パソコン買った その1


6月14日月曜日、私は現代人の仲間入りするためのチケットを買った。
パソコンを買ったのである。
IBMのアプチバだ。情報システムの仕事をしているコンピューターのプロについてきてもらった。プロの友人が推薦するこのアプチバを12万強で購入した。
私は、入社して、今年で8年目。丸7年以上勤めている。
その間にこつこつとお金を貯めてきた。総額47万。私の血と汗の結晶である。だが、その内11万は、カードの支払いで消える。

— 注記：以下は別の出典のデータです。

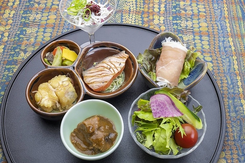 生ハムのオードブル、地場産のサラダ、TSUTSUMUスープ、香の物、古代米のご飯、本日のデザート、珈琲又は紅茶又は柚子茶付き。+550円で本日の前菜付きます。※12/24.25の2日間はご用意できません。

先月、先々月と2日で11万使ってしまった。飲み屋をはしごしてしまったのだ。
残る貯蓄は36万。
その36万の内、約15万を使ってしまった。パソコンだけではなく、プリンターも買ったので、約15万。
残る貯蓄は、21万。21世紀を目前に、貯蓄額も合わせたのである。
計画通りだ。
パソコンはIBM製、一流である。世界の巨人IBMのアプチバである。プリンターも一流である。キヤノンだ。
学生時代の就職活動中に、友人が、CANNONを「かんのん」と呼んでいた。「今ちゃん。俺、かんのんを受けようと思うんや。キヤノンは人気企業やんか。同じカメラの会社だし、マイナーなほうが受かりやすいで」
もちろん、友人は落ちた。
そんな独創的、というか独走的な友人でも受からなかった一流企業キヤノンのプリンターである。
パソコン、プリンターともに一流品をそろえてしまった。
昨夜、パソコンを購入した帰りに、あまりにも楽しくなり、京橋で一人で飲もうかと考えた。
だが、残る21万が20万になってしまうのはマズい。21世紀まであとわずかだからだ。
「今夜は、チューハイで我慢しよう」
缶チューハイを片手にゲーセンに行った。
風営法で、ゲーセン、パチンコ屋での飲酒は禁じられているが、私は例外である。なぜなら、私は必ずハイスコアーを出すからだ。
もちろん昨夜もハイスコアーだ。
家に帰ると、O氏さんから電話があった。
日曜日に、珍しく競馬で当てたそうだ。非常に興奮されていた。
話題を変えて申し訳ないとは思ったが、「アプチバを買ったんですよ。IBMのパソコンです」、早速報告した。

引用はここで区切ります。